As examples, the purchasing department might want to assess volume discounts, shipping costs, and delivery time; computational chemists devising a compound library could want to combine substructure searching with a minimum amount available; and the screening group might want to find closely similar structural analogs to fill some gaps in a 96-well HTS plate.

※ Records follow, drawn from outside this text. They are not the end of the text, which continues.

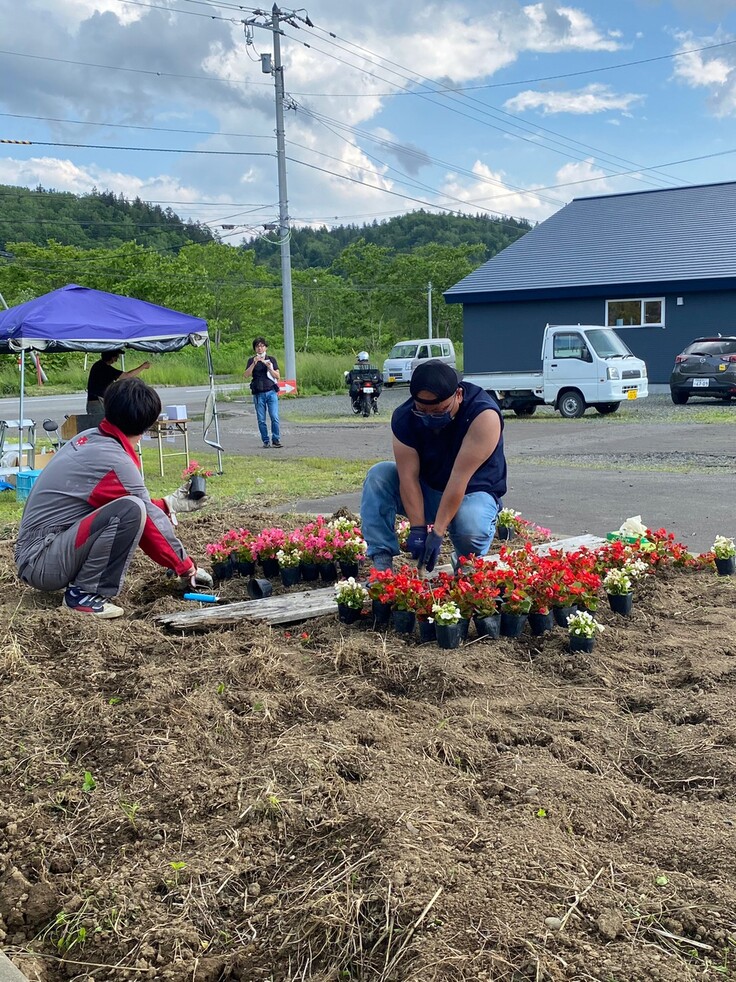添牛内自治区の次期リーダー仙丸さんによる花壇の土おこし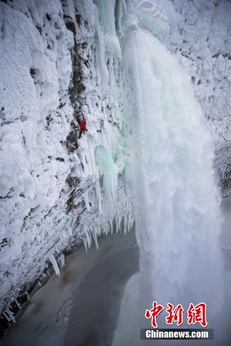 近日,加拿大攀冰高手威尔-加德经受住了零下35摄氏度的极端条件下花费8个小时成功登上了约140米高的汉默肯瀑布,成为这个瀑布的第一个攀登者。汉默肯瀑布位于加拿大不列颠哥伦比亚,是世界上公认的最艰难的混合路线。图片来源:东方IC 版权作品 请勿转载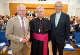 Das Bild zeigt von links: Festredner Prof. Dr. Dr. Karl-Rudolf Korte, Erzbischof Dr. Udo Markus Bentz und Prälat Dr. Peter Klasvogt.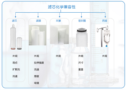 在不同操作條件及工藝流程下,有可能對所使用的濾膜或過濾器有不同程度的影響,通過測定濾膜或過濾器的物理化學(xué)穩(wěn)定性,如泡點(diǎn),膜厚度,流速等參數(shù)變化,以準(zhǔn)確評估濾膜或過濾器對特定工藝流體的相容性。

This deeper analysis is best done by downloading the required data and processing it locally with in- house, open-source, or commercial visualization and analysis tools, and MolPort makes its data available for free download to registered users, with a variety of options to select the optimum data set.

Summary

Before downloading data from the MolPort database, users should consider the available options and decide on the following:

  • Which compounds? (see details)

    Various subsets are available.
    • All stock compounds (screening compounds and building blocks)
    • All stock screening compounds
    • All stock building blocks
    • Made-to-order compounds
    • Full database (all the above plus sold-out compounds, and compounds with no price or specific supplier)
  • Which data? (see details)

    • In addition to structure, MolPort ID, and a link to the record in the online database, what other data fields (such as pack size, lead time, price range, InChI/InChI Key, IUPAC name, etc.) are required? Please note that not all data fields are available in every format.
  • Which format? (see details)

    • Structures are available as SDfiles and SMILES strings. We also include a canonical SMILES generated using the Chemistry Development Kit.
    • Other data is embedded in the SDfiles or held in tab-delimited text files containing the SMILES strings.
  • Update frequency? (see details)

    • While the online database is updated daily, the available download files are updated monthly. After an initial download, a Monthly Update File lists added compounds (SDfile/SMILES, MolPort ID, and stock amount) and removed compounds.
    • More up-to-date data can be obtained by using the Chemical Search API (see below) to query the online MolPort database.
  • Access method? (see details)

    • Access to the MolPort database is available via FTP, HTTP, downloads with special tools such as KNIME, Web Services API, and via other third-party platforms.
    • There are two FTP download options:
      • Open Access Files are available at no charge, and with no need to register, and contain all stock compounds with structure (SDfile/SMILES), MolPort ID, and a link to the compound page in the online database. These files are updated monthly.
      • Standard FTP Download is available at no charge to registered users (limited to corporate and university email addresses), and provides all the data in the Open Access Files plus data elements such as stock amount, pack size, lead time and price range. These files are updated monthly with a Monthly Update File.
    • HTTP Access provides the same data as the Standard FTP Download, but each database subset only has one file to download.
    • Download with special tools: the download process can be automated using scripts, automatic downloading, or workflow automation tools. This example shows how to automate the download process using KNIME.
    • Web Services API provides direct programmatic access to the online MolPort database for checking up-to-date inventory status.
      • Chemical Search API provides access via KNIME nodes, Pipeline Pilot protocols, and Microsoft Excel templates. We also provide examples based on Java, JavaScript, C#, and Python.
      • Full Molecule Load API allows downloading the full supplier data for a specific molecule in JSON format.
    • Other Third-Party Platforms: MolPort data is also available via these platforms: Binding DB (subset), ChemSpider, Optibrium StarDrop (API instant access), PubChem, Schrödinger, Zinc (including API instant access), ZINCPharmer

More Details

The following database subsets are available for download, depending on your project requirements:

Database

All Stock Compounds

This subset contains information on stock products which can be delivered in two weeks or sooner. The files combine Screening Compounds and Building Blocks, marked according to type.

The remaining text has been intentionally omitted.